Requirement:
Reproduce the full listing as it stands. Images do not belong in the copy.

Information supplied:
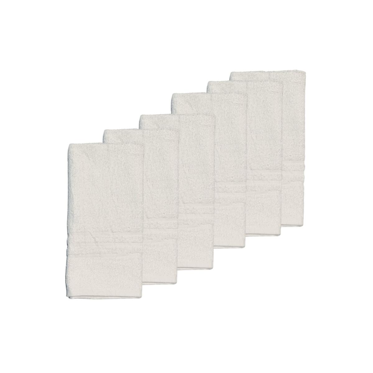 Il set da 6 pezzi è composto da 6 asciugamani tinta unita bianchi.
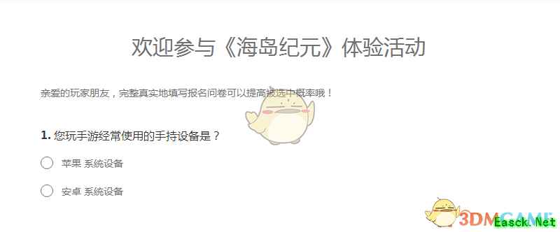首测资格预约 1、首测资格预约需完成问卷调查填写(点击跳转) 2、完成全部12道题目后,提交问卷即预约成功。 海岛纪元首测时间>>
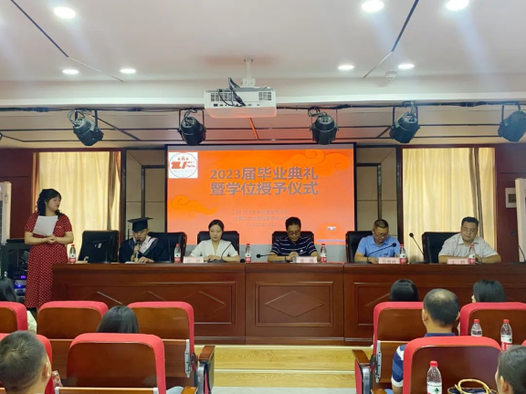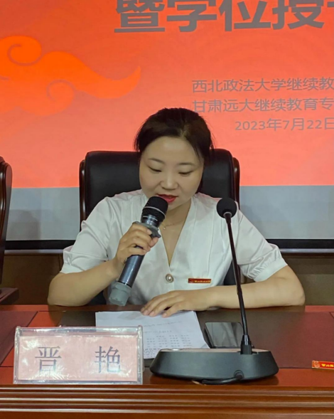 教学科科长晋艳宣读《关于授予2023届毕业生学位的决议》和《关于表彰2023学年优秀函授生、模范学生干部的决定》,徐雅政等31名学生获得高等学历继续教育学士学位,2023届刘野等14人被评选为优秀函授生,张浪等2人被评选为模范学生干部。

Your response:
 Il set da 6 pezzi è composto da 6 asciugamani tinta unita bianchi.
首测资格预约 1、首测资格预约需完成问卷调查填写(点击跳转) 2、完成全部12道题目后,提交问卷即预约成功。 海岛纪元首测时间>>
 教学科科长晋艳宣读《关于授予2023届毕业生学位的决议》和《关于表彰2023学年优秀函授生、模范学生干部的决定》,徐雅政等31名学生获得高等学历继续教育学士学位,2023届刘野等14人被评选为优秀函授生,张浪等2人被评选为模范学生干部。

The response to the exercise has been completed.